We both got full length sleep mats (long enough to cover head to foot). It’s possible to save a little weight with a 3/4 length mat, but having your heels on the ground can be a little uncomfortable and if you’re a side sleeper it can tweak your knees a bit to have your feet an inch or two lower than the rest of you.

We recently got a pair of Exped down filled mats for our trip to Alaska. They have a build in inflation pump and should be a little warmer on those cold Yukon nights. We’re looking forward to trying them out!

Sleep Sheets
It may not be clear at first why it’s worth spending $50 for a silk bag when you just spent $150 on a sleeping bag.

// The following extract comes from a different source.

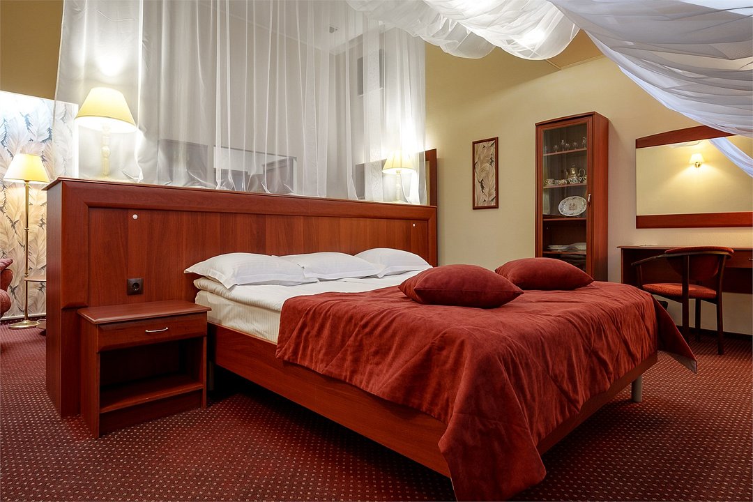 Просторный и удобный номер категории Супериор Ника, с большой двуспальной кроватью и ванной с джакузи.Услуги и удобства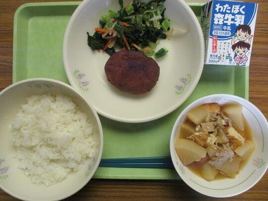 ごはん、牛乳、ゼリーフライ、おひたし、大根と豚肉の煮物でした。

I can assure you that it is very much worth it, especially for extemded trips (camping or hostels) where you’ll be using your sleeping bag a lot. They’re also sometimes called Mummy Liners – they’re basically just a thin silk sheet that’s been sewed together like a sleeping bag.

First of all, they add a little extra heat. On cold nights they’re welcome, and if it’s too hot for the sleeping bag you can sleep in the sheet only .

Second, it’s much easier to wash a quick drying silk sheet than to wash your entire bag. It’s not always possible to shower every night, and even if you do shower every night, your bag is still going to get dirty. We pretty much always slept in the sleep sheet in the bag and rarely had to wash the bags.

Third, just because you have a bed for the night doesn’t mean you want to sleep in it. There are places where you may have concerns about the cleanliness of the sheets or the presence of bedbugs. There were more than a few nights where we slept in our sleep sheets underneath the covers. We treated the silk with a natural insect repellant and never had any troubles with bed bugs. Also works against mosquitos in warmer climates where you’re too hot to be in your bag, but don’t want exposed skin all night.